Nemanja Arnautović

Free agent
- Position: Shooting guard

Personal information
- Born: 14 March 1990 (age 35) Titovo Užice, SFR Yugoslavia
- Nationality: Serbian
- Listed height: 1.96 m (6 ft 5 in)
- Listed weight: 84 kg (185 lb)

Career information
- NBA draft: 2012: undrafted
- Playing career: 2006–present

Career history
- 2006–2007: Hemofarm
- 2009–2010: Mega Basket
- 2010: Budućnost
- 2010: Crvena zvezda
- 2011–2016: Sloboda Užice
- 2017–2019: Klik
- 2019–2021: Crnokosa

= Nemanja Arnautović =

Serbian basketball player

Nemanja Arnautović (Немања Арнаутовић; born 14 March 1990) is a Serbian professional basketball player.

== Professional career ==
Arnautović played for Hemofarm, Mega Basket, Budućnost, Crvena zvezda, Sloboda Užice, Klik, and Crnokosa.

== National team career ==
In August 2006, Arnautović was a member of the Serbia and Montenegro U16 national team that won a bronze medal at the FIBA Europe Under-16 Championship in Spain. Over seven tournament games, he averaged 0.9 points and 0.1 rebounds per game.
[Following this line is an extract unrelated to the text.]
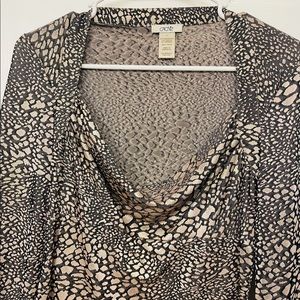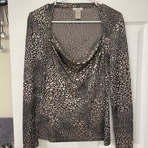 Gorgeous Cache Black And Gold Long Sleeve Cowl Neck Animal Print Blouse Size Small. Itβs from smoke and and pet free home. Great condition.
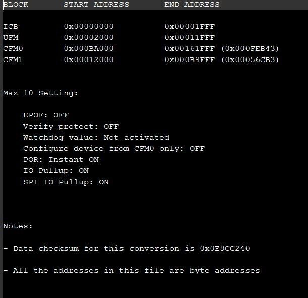 For MAX 10, I usually used .rpd (raw programming data file) as raw data.

In July 2010, Arnautović was a member of the Serbia U-20 national team at the FIBA Europe Under-20 Championship in Croatia. Over nine tournament games, he averaged 3.3 points and 0.6 rebounds per game. Thereafter, he represented the Serbia at the 2013 Mediterranean Games, with whom he won the silver medal.

==Personal life==
His surname derives from Arnaut, the Ottoman Turkish ethnonym for Albanians.